● Work item: Only one span of the listing below should come back. It runs from the line with "Regulátor plynu CGAS" through the line with "毎日握る部分は、汗等の影響で写真の様に革が裂けてしまうケースが多いですね。", and each of its lines must be reproduced exactly.

● Supplied records:
*** Begin section ***
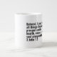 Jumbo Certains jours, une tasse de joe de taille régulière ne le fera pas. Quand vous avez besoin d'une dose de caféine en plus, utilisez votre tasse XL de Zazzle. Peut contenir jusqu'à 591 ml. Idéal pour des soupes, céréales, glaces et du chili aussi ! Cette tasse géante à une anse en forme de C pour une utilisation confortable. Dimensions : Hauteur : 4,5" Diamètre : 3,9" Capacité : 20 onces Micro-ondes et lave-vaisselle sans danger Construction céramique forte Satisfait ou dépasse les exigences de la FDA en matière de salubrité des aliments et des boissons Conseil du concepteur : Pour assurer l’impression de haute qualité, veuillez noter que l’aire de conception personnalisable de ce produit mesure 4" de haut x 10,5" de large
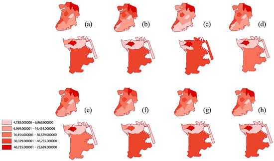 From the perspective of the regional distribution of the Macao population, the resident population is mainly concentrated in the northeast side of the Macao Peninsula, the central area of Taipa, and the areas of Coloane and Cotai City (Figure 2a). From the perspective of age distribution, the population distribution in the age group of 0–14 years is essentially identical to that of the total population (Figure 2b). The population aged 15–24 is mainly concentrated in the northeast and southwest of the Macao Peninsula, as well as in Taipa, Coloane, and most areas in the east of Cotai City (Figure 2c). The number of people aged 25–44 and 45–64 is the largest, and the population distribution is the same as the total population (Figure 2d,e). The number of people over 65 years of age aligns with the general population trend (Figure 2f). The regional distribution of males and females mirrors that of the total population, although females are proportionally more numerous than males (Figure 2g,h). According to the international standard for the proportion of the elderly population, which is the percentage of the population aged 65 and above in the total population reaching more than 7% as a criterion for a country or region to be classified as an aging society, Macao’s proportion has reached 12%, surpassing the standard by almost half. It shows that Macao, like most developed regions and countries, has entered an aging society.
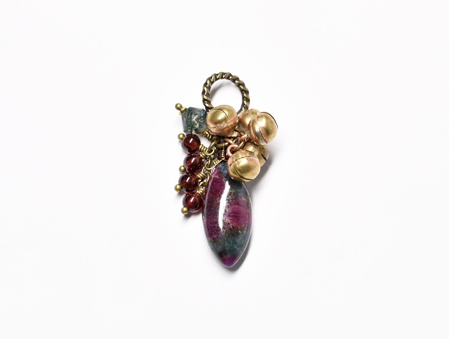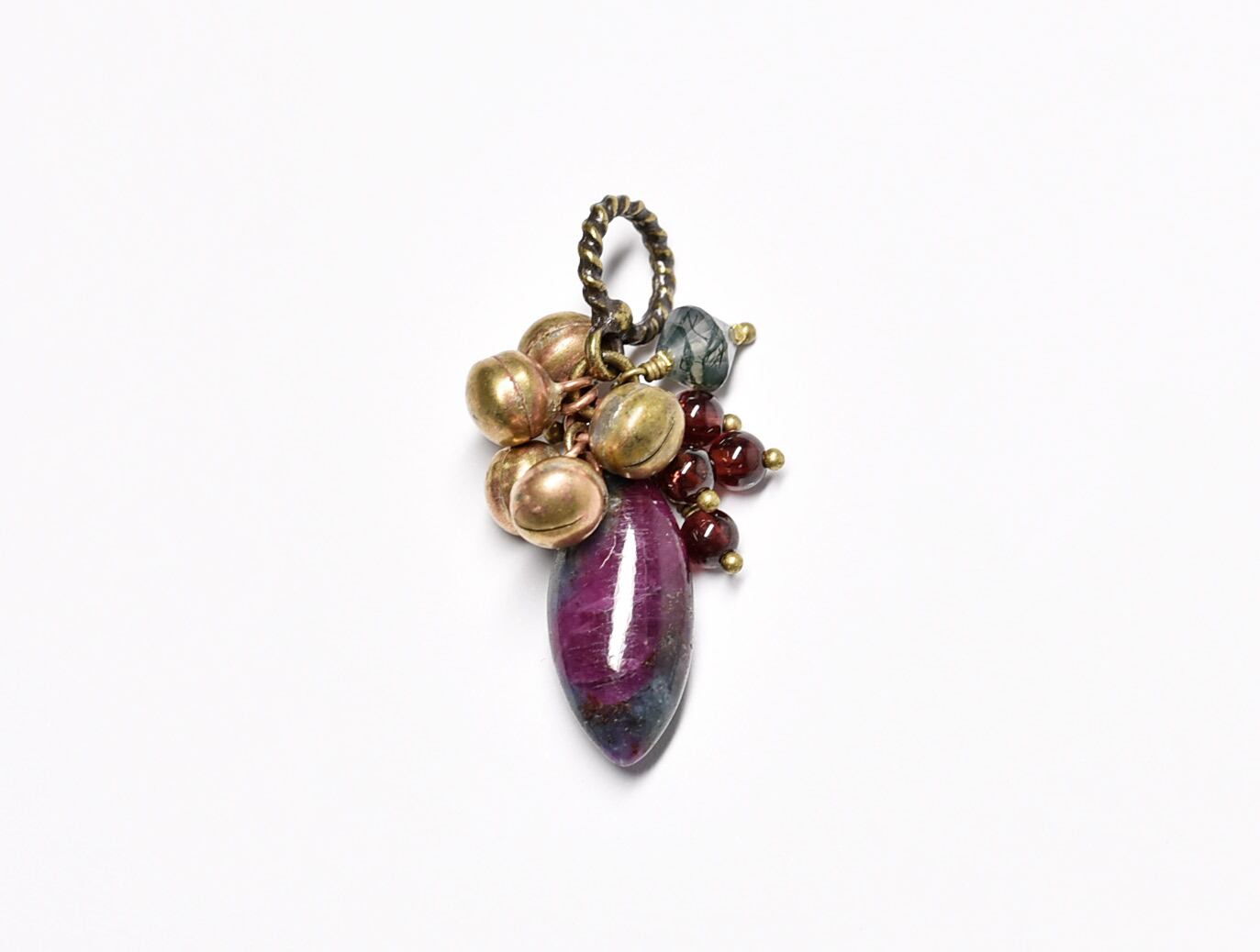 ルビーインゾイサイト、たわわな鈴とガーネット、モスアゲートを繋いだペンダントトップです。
*** End section ***
*** Begin section ***
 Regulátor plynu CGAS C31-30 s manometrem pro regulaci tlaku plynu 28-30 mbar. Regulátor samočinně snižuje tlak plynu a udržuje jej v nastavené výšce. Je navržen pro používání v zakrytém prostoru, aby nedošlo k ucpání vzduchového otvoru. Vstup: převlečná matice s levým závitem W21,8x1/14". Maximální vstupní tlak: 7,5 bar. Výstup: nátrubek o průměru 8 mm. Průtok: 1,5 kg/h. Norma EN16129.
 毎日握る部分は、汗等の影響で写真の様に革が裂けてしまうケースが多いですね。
*** End section ***
● Solution:
 Regulátor plynu CGAS C31-30 s manometrem pro regulaci tlaku plynu 28-30 mbar. Regulátor samočinně snižuje tlak plynu a udržuje jej v nastavené výšce. Je navržen pro používání v zakrytém prostoru, aby nedošlo k ucpání vzduchového otvoru. Vstup: převlečná matice s levým závitem W21,8x1/14". Maximální vstupní tlak: 7,5 bar. Výstup: nátrubek o průměru 8 mm. Průtok: 1,5 kg/h. Norma EN16129.
 毎日握る部分は、汗等の影響で写真の様に革が裂けてしまうケースが多いですね。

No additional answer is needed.